11-08-2014 | By Wojciech Pacuła | Issue 76

Abyssound's ASP-1000 Preamplifier and ASX-2000 Amplifier

The pictures that accompany High Fidelity's review of the ASX-1000  amplifier show that it is a fairly large, not to say massive, unit. Short of putting the amplifier directly on the floor, I seated it on the Acoustic Revive RST-38H isolation boards. I needed two of them for a firm seating of the amplifier's feet.

In comparison, the ASX-2000 is even more massive. The '1000' was its little sibling, a development version operating in class AB and hence not requiring such large heat sinks. The "2000" is a no compromise design, a direct implementation of the ideas of Mr. Julian Studnicki, who holds a PhD in Physics and was an assistant professor at the Electronics Department of the AGH University of Science and Technology in Krakow, a designer, inventor and lecturer.

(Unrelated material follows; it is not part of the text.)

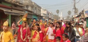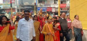 सहरसा:-अयोध्या में रामलला की प्राण प्रतिष्ठा (22 जनवरी 2024) के 2 साल पूरे होने पर मसोमात पोखर स्थित राधा कृष्ण मंदिर में भजन कीर्तन का आयोजन किया गया।           वही मसोमात पोखर से महिलाओं के द्वारा 51 कलश यात्रा निकाली गई। कलश यात्रा मसोमात पोखर से निकलकर शहर के महावीर चौक, कपड़ा पट्टी, दहलान चौक, गांधी पथ, वीर कुंवर सिंह, सराही, सुभाष चौक होते हुए पुनः मसोमात पोखर पहुचा। जहां आमजनों के बीच प्रसाद का वितरण किया गया। जुलूस में शामिल महिला, बच्चें व युवा जय श्री राम के नारे लगा रहे थे। जुलूस में शामिल कई महिलाओं ने बताया कि लंबे संघर्ष के बाद राम मंदिर का निर्माण हुआ है जिससे हमलोग काफी खुश है। ये हिंदुत्व की जीत है।       सनातन धर्म इसी तरह बढ़े और सनातनी परंपरा बरकरार रहे। यह आयोजन 22 जनवरी 2024 को हुई प्राण प्रतिष्ठा के बाद से अब तक की रामलला की भव्य यात्रा का जश्न है। राम मंदिर की प्राण प्रतिष्ठा की दूसरी वर्षगांठ केवल एक धार्मिक आयोजन नहीं, बल्कि आस्था, संस्कृति और भारतीय परंपराओं का भव्य उत्सव बन गई है।    कार्यक्रम का नेतृत्व कर रहे रणजीत स्वर्णकार ने कहा कि आज ही की शुभ तिथि पर दो वर्ष पूर्व 500 वर्षों की प्रतीक्षा समाप्त हुई और मोदी जी ने श्री राम जन्मभूमि मंदिर में रामलला की प्राण-प्रतिष्ठा की गई।           जुलूस में नेहा देवी, गुड़िया देवी, संगीता देवी, ममता देवी, पायल कुमारी, सृष्टि कुमारी, आरुषी कुमारी, मिष्ठी कुमारी, धनंजय केशव, पंकज कुमार भगत, रितेश कुमार, आदर्श कुमार, बबलू पांडेय, सोनू राय, हैप्पी सिंह, भोला पोद्दार, सागर कुमार सहित शिव शिष्य परिवार से जुड़े कई गुरु बहना व गुरु भाई मौजूद थे।

The machine, which I now had to seat directly on the floor (I would have needed four RST-38H boards under it), is an amplifier capable of delivering a whopping 80 Watts (into 8 Ohms) in pure class A, doubling it to 160 Watts at 4 Ohms. It weighs no less than 52 kg and measures 540 x 265 x 540 mm. Even the A-70 stereo power amplifier from Accuphase, one of the audio manufacturers I deeply respect, delivers "only" 60 watts per channel (at 8 Ohms) in Class A, weighs 44.3 kg and measures 465 x 238 x 514 mm. As a counterbalance, let me add that it boasts outstanding other parameters: a signal/noise ratio of 121dB, frequency range of 0.5 – 160,000Hz and damping factor of 1000, which is extremely high. The amplifier works reliable even driving loads as low as 1 Ohm, delivering 480 Watts per channel.

But I think that the real star of this review, with all due respect to the ASX-2000, is the ASP-1000 preamplifier. Its symbol indicates that formally belongs to the same series, which amplifier ASX-1000. I might as well be confused. He is the first preamp offer of the Krakow producer and perhaps the name has nothing to do with the "series".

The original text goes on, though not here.